--- Information provided ---

-- -- --

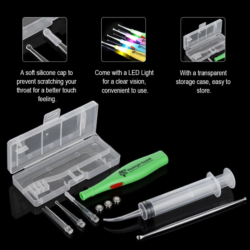 This is an incredibly simple, yet useful tool with non-slip handle for the removal of those annoying tonsil stones. If you have ever suffered from them, then you already know how much of a nuisance they can be! This tool comes with 3 attachment heads which are used with the assistance of a bright LED light in order to gently extract tonsil and ear stones, thus eliminating symptoms which may include: Bad Breathe, Trouble Swallowing or Sore ThroatExtension tip(s) may come loose during use. Make sure tips are secure prior to using.Come with a storage boxUse the irrigation syringe to rinse those tight areas. The syringe can be filled with your favorite mouthwash, or plain water.Overal length of the stainless steel pick: 12cmNon-slip longer handle of the stainless steel pick makes it safer and easier to use.Packing List:Tonsil Stone Extractor Tool2 Extractor Heads1 Precision Tweezer HeadBatteries insideStorage box1 Irrigation Syringe1 stainless steel pick
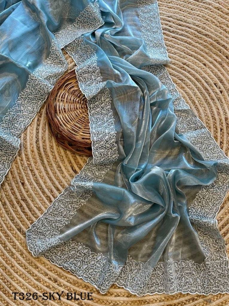 Pure Chiffon organza silk saree in a solid color with embroidery viscos thread work in saree Paired with running blouse of same color of saree with work Material: Pure Chiffon Organza Silk
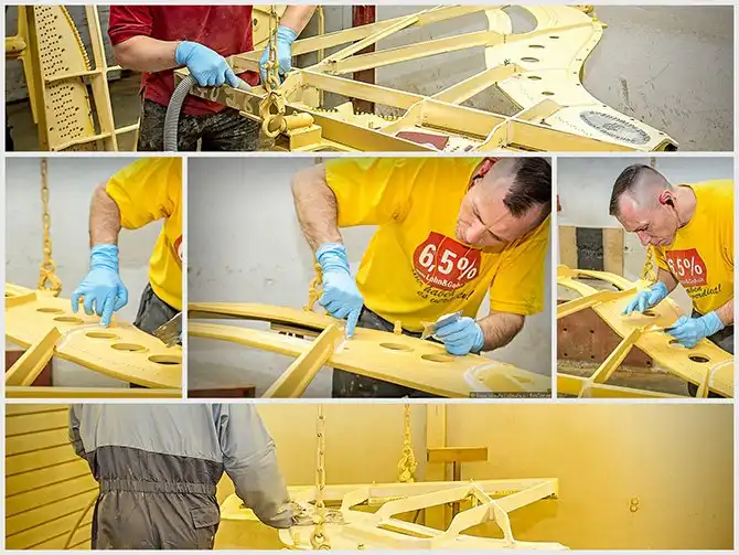В Гамбурге раму обрабатывают, шпаклюют и красят:

-- -- --

Reproduce exactly the lines above from the one with "Pure Chiffon organza silk saree" through the last line of the data, keeping both ends and dropping the pictures.

 Pure Chiffon organza silk saree in a solid color with embroidery viscos thread work in saree Paired with running blouse of same color of saree with work Material: Pure Chiffon Organza Silk
В Гамбурге раму обрабатывают, шпаклюют и красят:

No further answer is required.